La questione rileva in quanto, solitamente, il trust è fiscalmente assimilato ad un ente non commerciale, a meno che non svolga un’attività commerciale. Sotto questo aspetto, si deve tener presente che, secondo una prevalente giurisprudenza (1), da un certo punto di vista, “il semplice possesso di partecipazioni, anche di controllo, non è sufficiente a configurare un’attività economica del soggetto che detiene tali partecipazioni, quando tale possesso dà luogo soltanto all’esercizio dei diritti connessi alla qualità di azionista o socio nonché, eventualmente, alla percezione dei dividendi, semplici frutti della proprietà di un bene”; da un altro punto di vista, invece, “un soggetto che, titolare di partecipazioni di controllo in una società, eserciti effettivamente tale controllo partecipando direttamente o indirettamente alla gestione di essa, deve essere considerato partecipe dell’attività economica svolta dall’impresa controllata”, e, quindi deve essere considerato, a tale titolo, un’impresa ai sensi dell’art. 87, n. 1, CE (Corte di Giustizia, sentenza C-222/04 del 10 gennaio 2006, punti 111-113)”. Pertanto, “anche la detenzione di partecipazioni, 1. Corte di Cassazione n. 1576/2009. quando si traduce in un vero e proprio controllo, dà luogo ad esercizio di impresa.
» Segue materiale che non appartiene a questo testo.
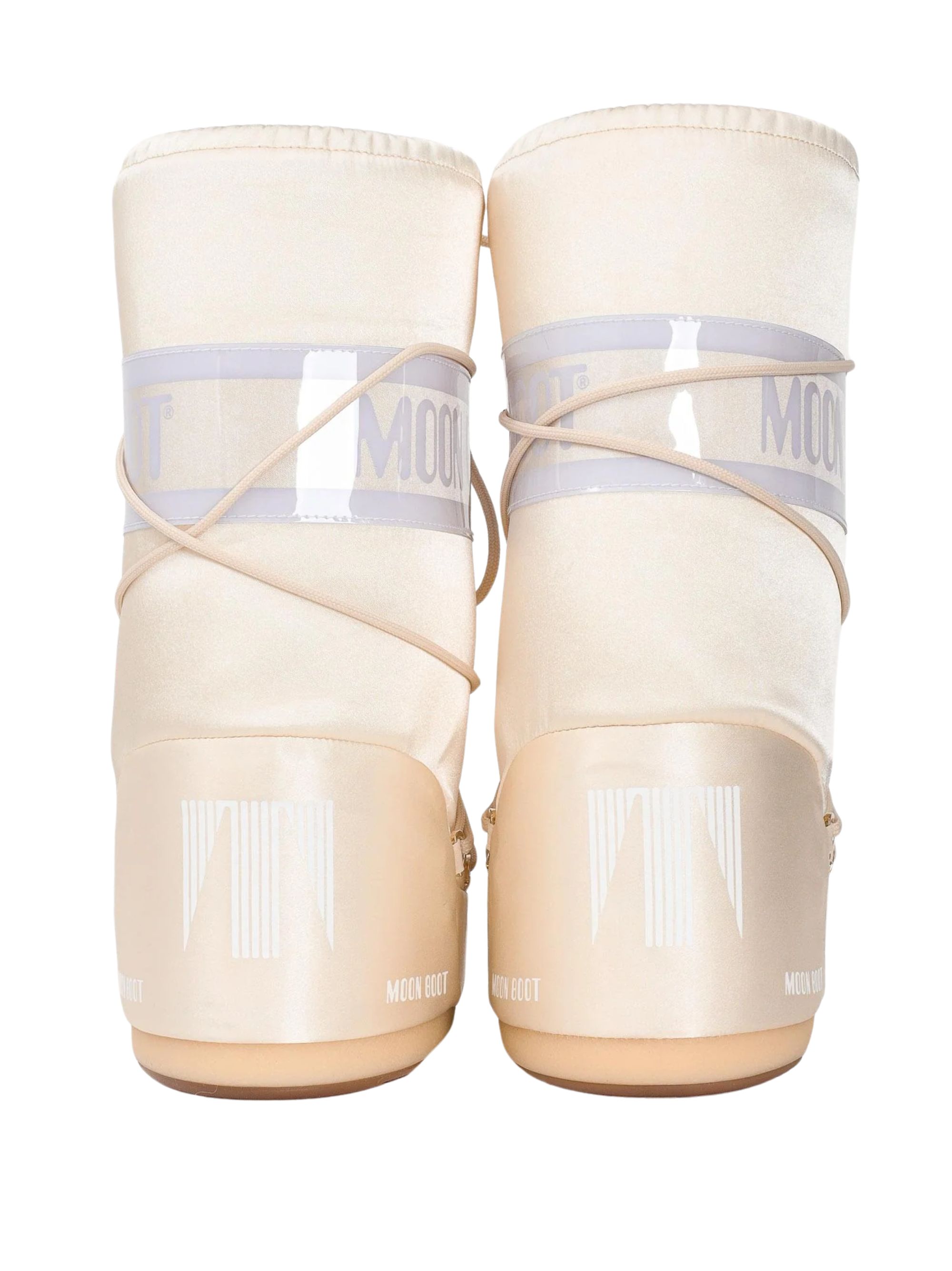 Stivale da neve Icon Pearly di MOON BOOT bianco in nylon, caratterizzato da imbottitura isolante, chiusura con lacci e coulisse e suola antiscivolo.

Quindi la detenzione del capitale di controllo di una società di capitali pone a carico del soggetto detentore una presunzione di esercizio di attività di direzione nei confronti della società partecipata anche nel caso in cui questo sia un trust, cioè un ente presuntivamente non commerciale. E non è importante, ai fini fiscali, l’eventuale assenza di un’apposita organizzazione in quanto “La nozione tributaristica dell’esercizio di imprese commerciali non coincide con quella civilistica, giacché il D.P.R. 22 dicembre 1986, n. 917, art. 51, intende come tale l’esercizio per professione abituale, ancorché non esclusiva, delle attività indicate dall’art. 2195 c.c., anche se non organizzate in forma di impresa, e prescinde quindi dal requisito organizzativo, che costituisce invece elemento qualificante e imprescindibile per la configurazione dell’impresa commerciale agli effetti civilistici, esigendo soltanto che l’attività svolta sia caratterizzata dalla professionalità abituale, ancorché non esclusiva”. In conclusione, un trust che eserciti in autonomia la direzione e coordinamento della società controllata potrebbe anche essere assimilato ad un ente commerciale, con i conseguenti adempimenti fiscali e anche di natura contabile.